━━ EXTRACTED DATA

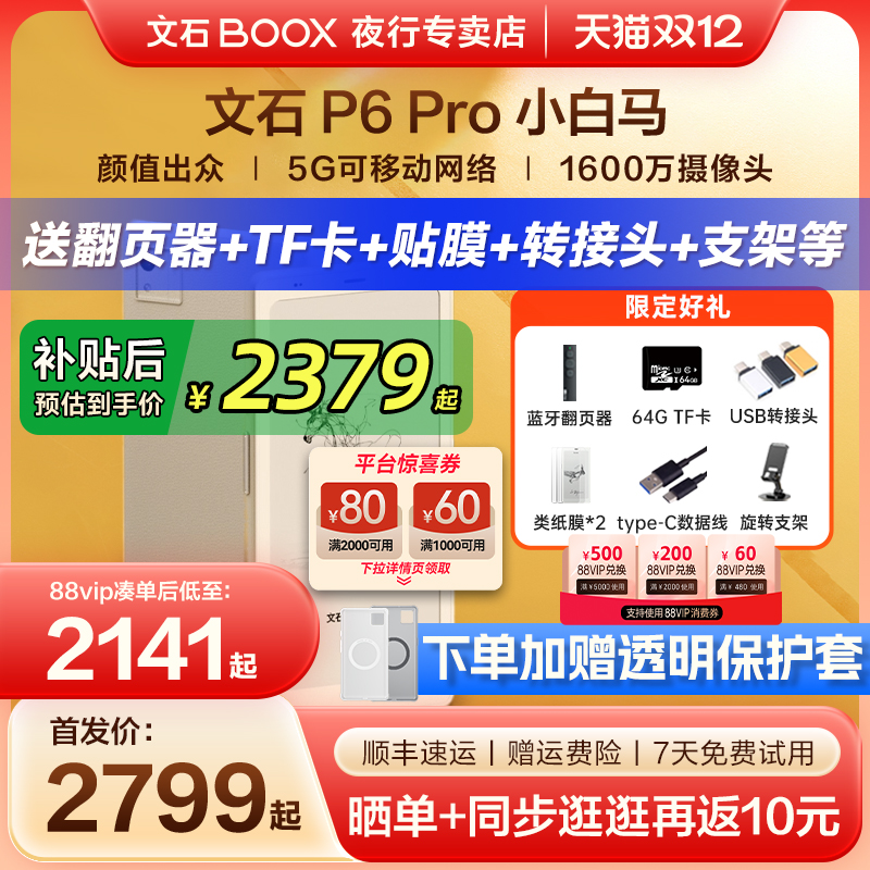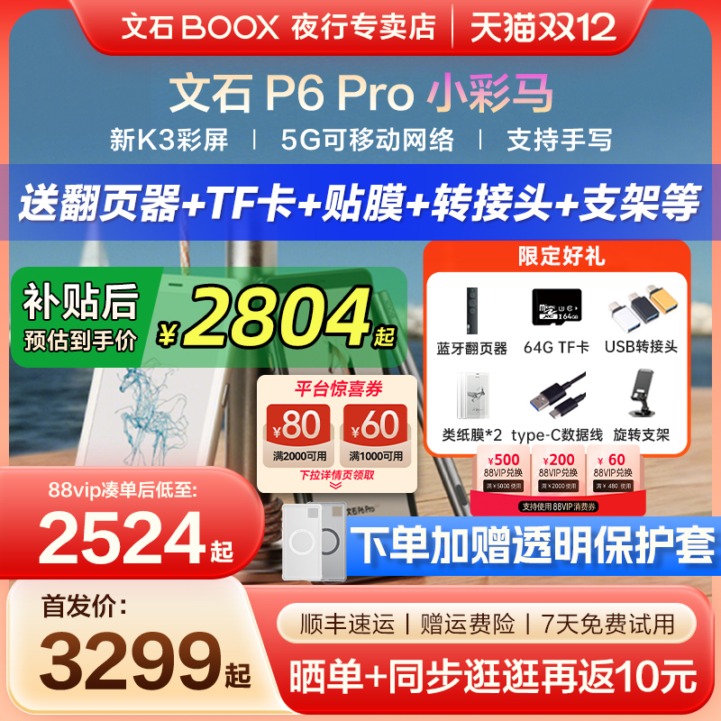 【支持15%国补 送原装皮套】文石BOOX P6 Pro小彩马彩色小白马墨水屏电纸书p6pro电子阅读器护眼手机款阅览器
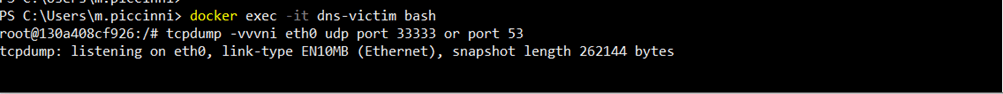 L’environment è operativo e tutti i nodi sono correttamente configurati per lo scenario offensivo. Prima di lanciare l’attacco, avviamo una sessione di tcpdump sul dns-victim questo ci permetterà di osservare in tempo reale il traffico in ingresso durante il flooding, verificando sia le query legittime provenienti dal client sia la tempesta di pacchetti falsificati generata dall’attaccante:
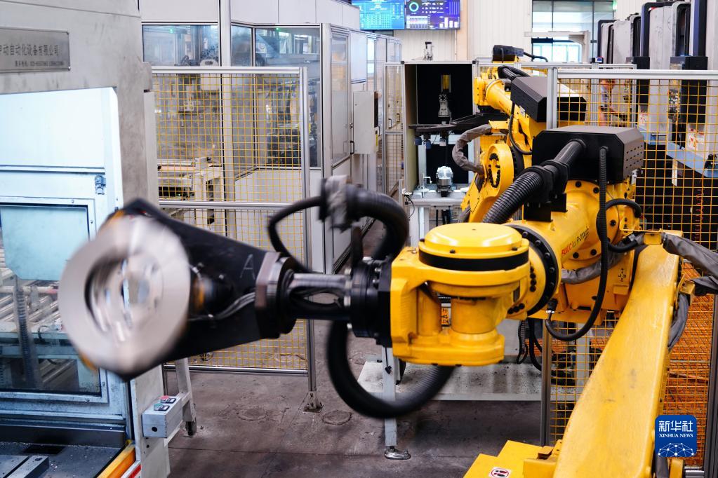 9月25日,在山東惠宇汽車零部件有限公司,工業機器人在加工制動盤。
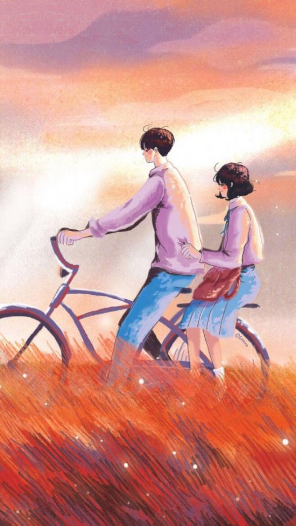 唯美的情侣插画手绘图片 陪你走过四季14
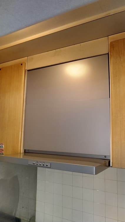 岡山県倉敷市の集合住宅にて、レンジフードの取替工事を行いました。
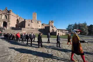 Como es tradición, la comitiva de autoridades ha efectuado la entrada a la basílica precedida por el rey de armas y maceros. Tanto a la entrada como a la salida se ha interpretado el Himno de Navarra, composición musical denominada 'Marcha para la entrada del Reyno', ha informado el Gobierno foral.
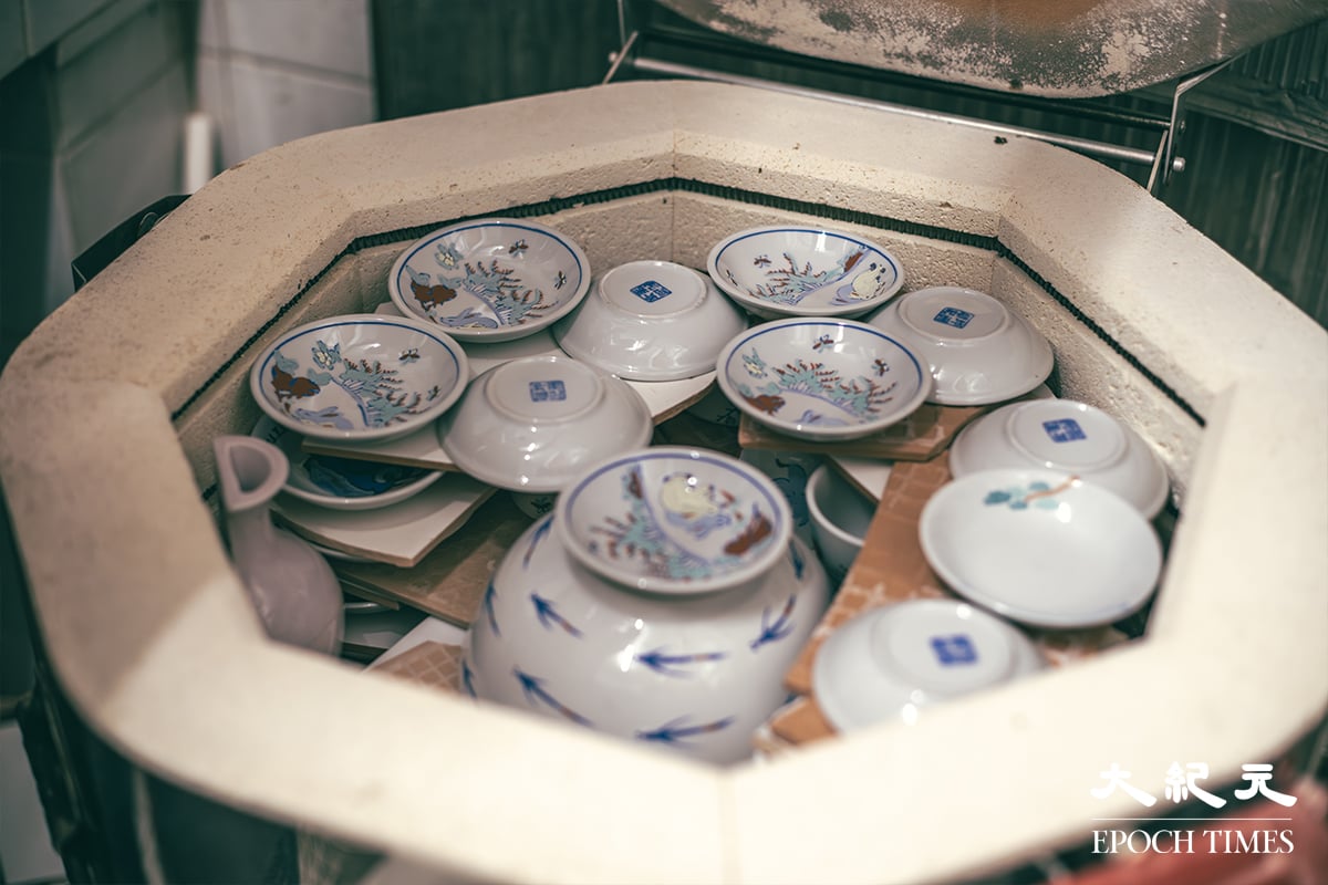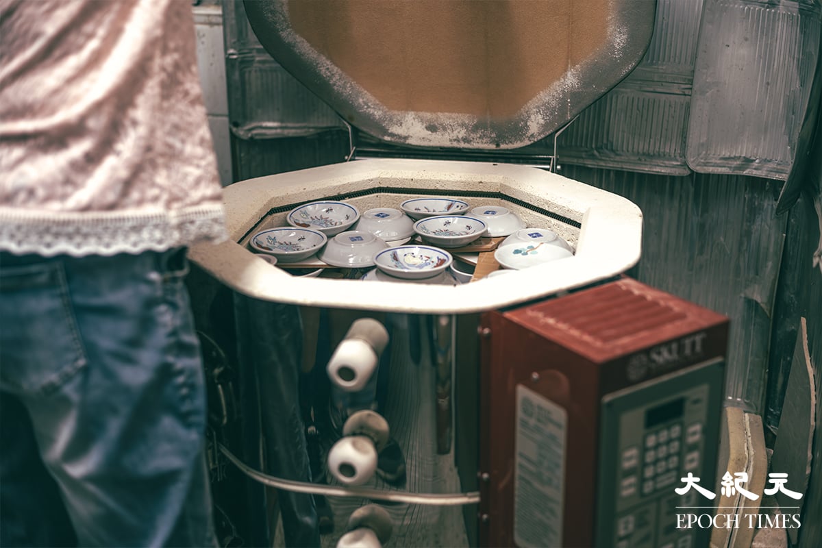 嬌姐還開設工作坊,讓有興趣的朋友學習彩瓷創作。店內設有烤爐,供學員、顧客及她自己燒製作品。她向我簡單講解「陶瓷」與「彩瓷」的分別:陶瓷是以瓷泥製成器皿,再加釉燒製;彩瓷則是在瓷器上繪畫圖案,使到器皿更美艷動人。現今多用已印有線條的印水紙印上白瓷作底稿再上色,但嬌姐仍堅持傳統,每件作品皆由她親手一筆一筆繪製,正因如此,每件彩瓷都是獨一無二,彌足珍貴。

━━━━

* **WHAT IS REQUIRED**
The line that contains "岡山県倉敷市の集合住宅にて、レンジフードの取替工事を行いました。" opens the part to copy, and the last line of the records closes it; set down those lines exactly, pictures excluded.

* **RESULT FOR THIS EXERCISE**
 岡山県倉敷市の集合住宅にて、レンジフードの取替工事を行いました。
 Como es tradición, la comitiva de autoridades ha efectuado la entrada a la basílica precedida por el rey de armas y maceros. Tanto a la entrada como a la salida se ha interpretado el Himno de Navarra, composición musical denominada 'Marcha para la entrada del Reyno', ha informado el Gobierno foral.
 嬌姐還開設工作坊,讓有興趣的朋友學習彩瓷創作。店內設有烤爐,供學員、顧客及她自己燒製作品。她向我簡單講解「陶瓷」與「彩瓷」的分別:陶瓷是以瓷泥製成器皿,再加釉燒製;彩瓷則是在瓷器上繪畫圖案,使到器皿更美艷動人。現今多用已印有線條的印水紙印上白瓷作底稿再上色,但嬌姐仍堅持傳統,每件作品皆由她親手一筆一筆繪製,正因如此,每件彩瓷都是獨一無二,彌足珍貴。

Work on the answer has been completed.